Mid-Term Results of Oxford Medial Unicompartmental Knee Arthroplasty in Young Asian Patients Less than 60 Years of Age: A Minimum 5-Year Follow-up.

PURPOSE: The purpose of this study was to evaluate the efficacy of unicompartmental knee arthroplasty (UKA) in young active Asian patients by analyzing clinical outcomes, complications and survival rates.
MATERIALS AND METHODS: Eighty-two knees were evaluated with a minimum follow-up of 5 years after Oxford phase 3 UKA in patients less than 60 years of age at the time of surgery. Their mean age was 54.7 years (range, 44 to 59 years). The mean follow-up period was 8.9 years (range, 5.3 to 12 years). Kaplan-Meier survivorship analysis was used to estimate implant survival.
RESULTS: Including 3 bearing dislocations, 1 medial tibial collapse and 1 lateral osteoarthritis, the total complication rate was 6.1% (5/82). Of the 3 cases of bearing dislocation, 2 cases were resolved by replacing with a thicker bearing and 1 case was converted to total knee arthroplasty (TKA) due to repeated dislocation. The two knees with a medial tibial collapse and a lateral osteoarthritis were converted to TKA. The 10-year cumulative survival rate using Kaplan-Meier survival method was 94.7% (95% confidence interval: 88.7%-100%).
CONCLUSIONS: Oxford medial UKA was reliable and effective in young active Asian patients providing good clinical results and survival rate in the mid-term follow-up.

Introduction

Unicompartmantal knee arthroplasty (UKA) for the treatment of isolated compartment osteoarthritis of the knee has been continuously improved since its introduction in the 1950s. In 1989, Kozinn and Scott1) reported the ideal candidates for UKA as inactive elderly (≥60 years old) patients. Active patients and manual laborers were described as inappropriate candidates due to the risk of mechanical failure and component loosening increased by repetitive high-impact loading. Thus, <60 years of age has been considered a contraindication for the procedure, and high tibial osteotomy (HTO) has been traditionally performed for relatively young patients. However, with advances in surgical instruments and techniques, a growing body of studies have demonstrated the outcomes of UKA in <60-year-old patients were comparable to those in ≥60 years2–4). Furthermore, some studies have shown comparable or better results of UKA than HTO in young patients5,6).
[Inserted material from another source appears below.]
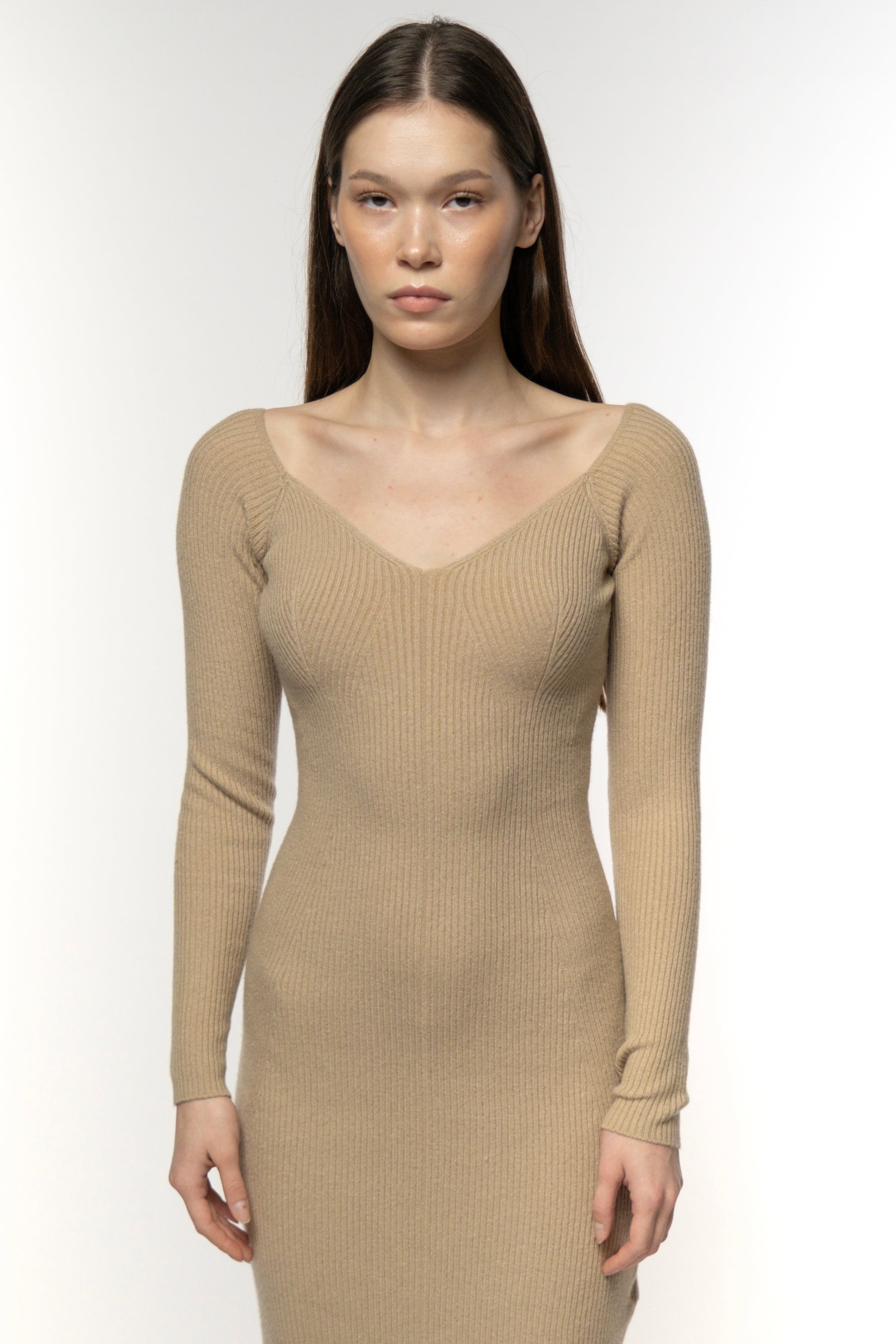 A figure-flattering ribbed knit dress in a soft sand beige shade, featuring a deep V-neck and long sleeves. The dress offers a comfortable fit that molds to your body, while the mid-length hemline adds an elegant touch. This versatile piece is perfect for dressing up with heels or down with sneakers, making it an essential addition to your wardrobe for year-round wear.

However, it is disconcerting that young age appears to be associated with the increased risk of revision UKA7,8). In particular, there are a number of studies suggesting polyethylene wear as a major mode of failure in fixed-bearing UKA9–12). On the contrary, the use of a fully congruent mobile-bearing lowers contact stress, reducing the prospect of polyethylene wear and allowing for long-term follow-up of UKA13–15). In this study, we retrospectively reviewed the mid-term results of minimally invasive Oxford medial UKA performed in young Asian patients (<60 years of age at the time of surgery). The purpose of this study was to determine whether the procedure can be effective in young and active Asian patients based on the assessment of clinical outcomes, complications, and survivorship.

Materials and Methods

We obtained Institutional Review Board approval for retrospective data analysis. Between November 2003 and December 2010, 438 knees underwent medial UKA for the treatment of osteoarthritis. Of those, 82 knees in 78 patients <60 years of age and available for a minimum 5-year follow-up were included in this study. The age distribution of the total UKA patients (438 knees) was as follows: under 45 years, 1 (0.2%); 45–49 years, 11 (2.5%); 50–54 years, 42 (9.6%); 55–59 years, 64 (14.6%); 60–64 years, 85 (19.4%); 65–69 years, 124 (28.4%); 70–74 years, 81 (18.5%); 75–79 years, 29 (6.6%); and over 80 years, 1 (0.2%). Patients <60 years of age accounted for 26.9%. Of the 78 patients (82 knees), 74 underwent unilateral UKA and 4 underwent bilateral UKA, and there were 75 female knees and 7 male knees. The mean follow-up period of the 82 knees was 8.9 years (range, 5.3 to 12 years): 5 years, 7 (8.54%); 6 years, 3 (3.66%); 7 years, 17 (20.73%); 8 years, 10 (12.20%); 9 years, 15 (18.29%); 10 years, 21 (25.61%); 11 years, 8 (9.76%); and 12 years, 1 (1.22%). Their mean age was 54.7 years (range, 44 to 59 years); mean height was 158 cm (range, 149 to 170 cm); mean weight was 63.7 kg (range, 44 to 105 kg), and mean body mass index was 25.5 kg/m2 (range, 18.1 to 36.5 kg/m2) (Table 1).

Table 1

Dermographics

Characteristic	Value
No. of cases	82
Gender (female:male)	75:7
Follow-up (mo)	106.7±20.6 (63–144)
Age (yr)	54.7±4.07 (44–59)
Height (cm)	158.0±4.80 (149–170)
Weight (kg)	63.7±8.64 (44–105)
Body mass index (kg/m2)	25.5±2.79 (18.1–36.5)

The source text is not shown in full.